July 31 (Bloomberg) -- U.K. consumer confidence dropped to a record low in July, slipping below the level reached on the eve of the 1990 recession, as house prices slumped and inflation accelerated, GfK NOP said.

An index of confidence, based on a survey of 2,001 people, fell 5 points to minus 39, the lowest since the data began in 1974, GfK said today in London. The gauge fell to 4 points below the result for March 1990.

Britain's economic outlook has deteriorated in the past month after ``bad news'' on retail sales, Bank of England policy maker David Blanchflower said yesterday. The threat of another recession has helped erode support for Prime Minister Gordon Brown, whose ruling Labour Party had the lowest support since the early 1980s in a Populus Ltd. poll published this week.

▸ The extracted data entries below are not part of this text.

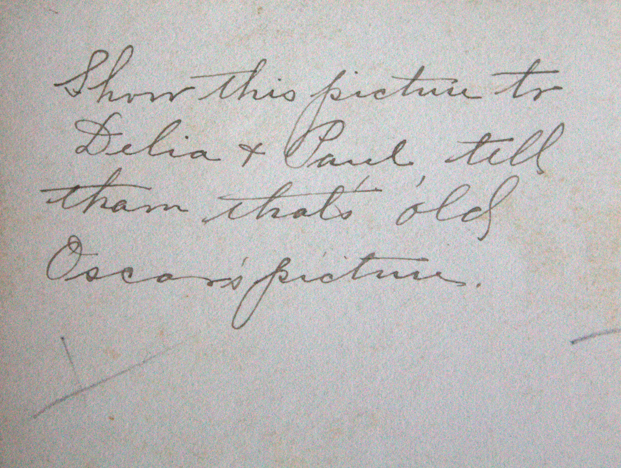 "Show this picture to Delia & Paul, tell them that's old Oscar's picture."
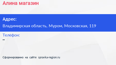 Алина, магазин по адресу Владимирская область, Муром, Московская, 119 в дальнейшем Организация, размещена в следующих категориях:
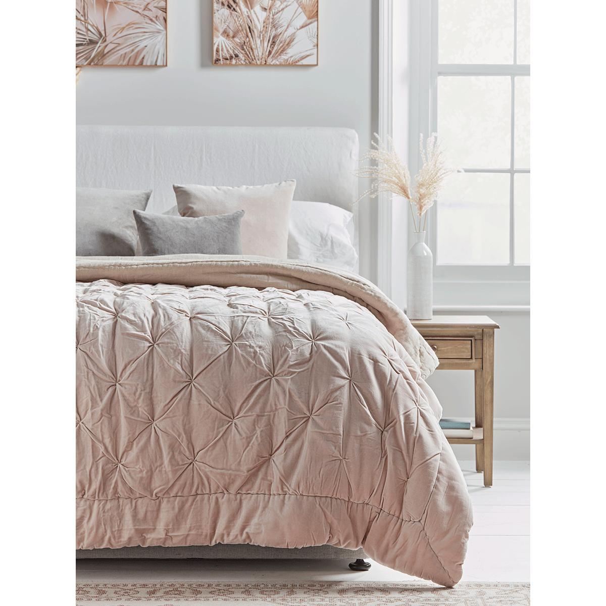 Pin-Tucked Velvet & Linen Kingsize Quilt - Blush

``With the growing specter of the U.K. going into recession, people are pessimistic and concerned about their future,'' Donna Culverwell, a researcher at GfK NOP, said in a statement. ``Levels of confidence amongst consumers are not surprisingly low.''

Gauges of the general economic situation and the climate for major purchases dropped to the lowest on record, GfK said. The gauge of consumers' personal financial situation over the next 12 months fell nine points to minus 18, the lowest in 14 years.

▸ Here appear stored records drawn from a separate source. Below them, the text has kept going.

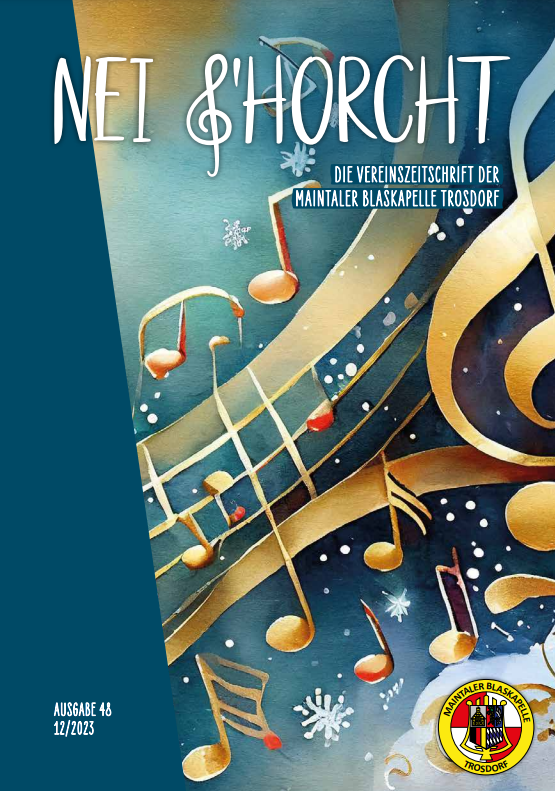 „Lange Zeit haben wir nun keine Nei g’horcht mehr produziert. Es gab einfach so viel Anderes zu tun. Aber hier kommt pünktlich zu Weihnachten die neueste Ausgabe quasi als unser Geschenk an Euch! Denn anders als bei manchem Musikverein, der in der Corona-Zeit aufgegeben und zugemacht hat, sind die Maintaler mit einem Zuwachs an Mitgliedern aus dieser Phase herausgekommen. Sogar ein neues Orchester, die Erwachsenenbläserklasse „Fei Echt“ wurde gegründet und erhält noch immer neuen Zuwachs. Aber auch im Hauptorchester durften wir viele neue Musiker begrüßen. Davon erzählen die Interviews und ein Vorstellungstext über unsere „alten“ Jungmusiker.“
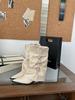 2025 höst och vinter nya spetsiga tjocka högklackade byxstövlar temperament tunna fransk mode medelhöga stövlar damstövlar
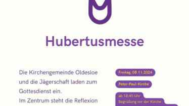 Die Hubertusmesse kann als Jägergottesdienst bezeichnet werden. Die Veranstaltung wird jährlich zu Ehren Gottes und zur Erinnerung an den Heiligen Hubertus von Lüttich um den 3. November, dem Hubertustag, durchgeführt. Der Überlieferung nach war Hubertus als junger Edelmann ein leidenschaftlich ausschweifender Jäger, der die Erlegung des Wildes als Selbstzweck sah. Später erkannte Hubertus in allen Wesen Geschöpfe göttlichen Ursprungs und hat sich deshalb hegend und pflegend für sie verwandt. Diese Grundhaltung der „Achtung vor dem Geschöpf“ ging als Waidgerechtigkeit in die Verhaltensgrundsätze der Jägerschaft ein.
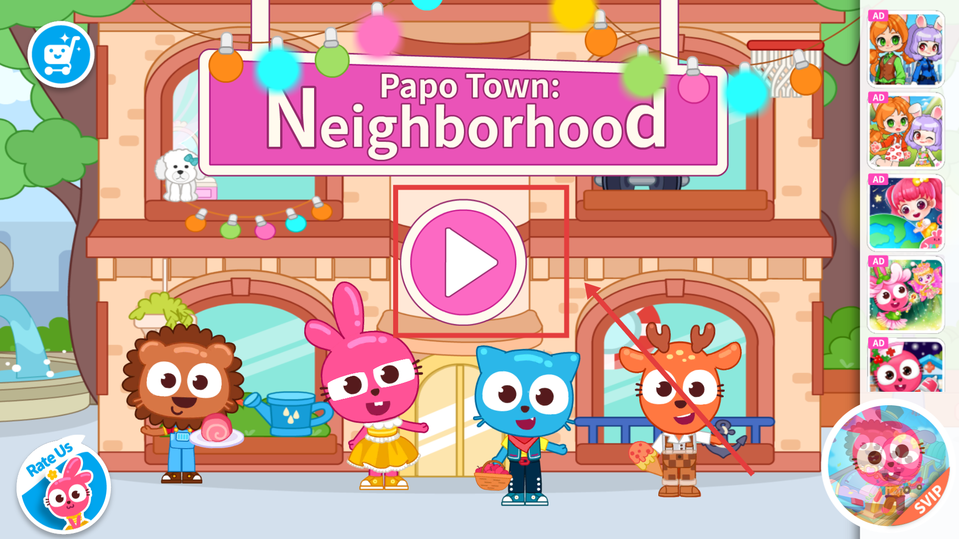 1、點擊界面中的粉色播放按鈕,即可進入游戲開始探索小鎮的趣味互動場景。
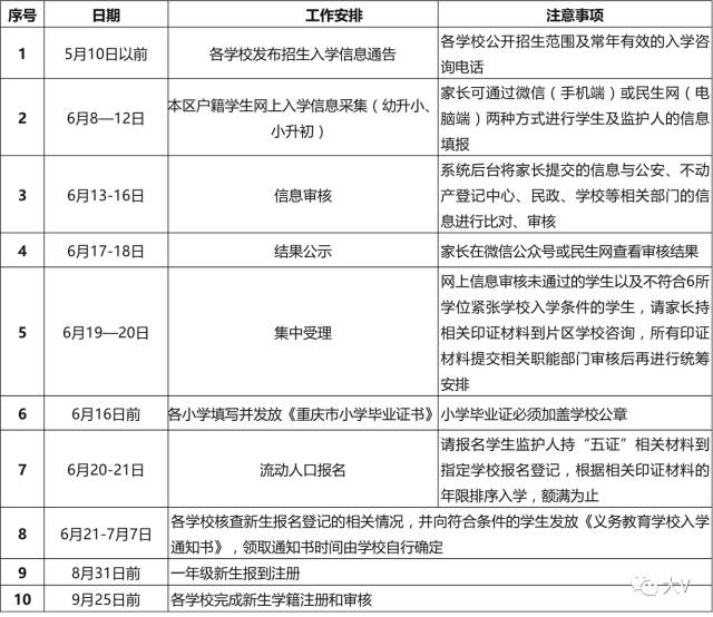 重庆市大渡口区2017年义务教育阶段学校 招生工作日程安排表

The Confederation of British Industry's retail sales index dropped to the lowest in 25 years in July, house prices fell from a year earlier by the most in at least seven years, and banks granted the fewest mortgages since at least 1999 last month, reports showed this week.

`Bad News'

``There's been fairly bad news on retail sales and on a number of things,'' since the central bank's decision on July 10, Blanchflower said in an interview on the BBC's Radio Ulster station yesterday.

The Bank of England predicts that economic growth will be the weakest since the early 1990s and that inflation will accelerate to double its 2 percent target, while Governor Mervyn King said in May that the economy may experience ``the odd quarter or two of negative growth.'' Inflation accelerated to 3.8 percent in June.

Labor unions have struggled to win bigger pay raises to compensate for faster inflation. The median wage increase in wage negotiations was 3.5 percent in the three months through June, matching the result for the period through May, Incomes Data Services said in a separate report today.

The central bank has kept the benchmark interest rate unchanged at 5 percent for the past three months as policy makers struggle to curb inflation while trying to steer the economy away from a recession. The Monetary Policy Committee will next decide on rates on Aug. 7.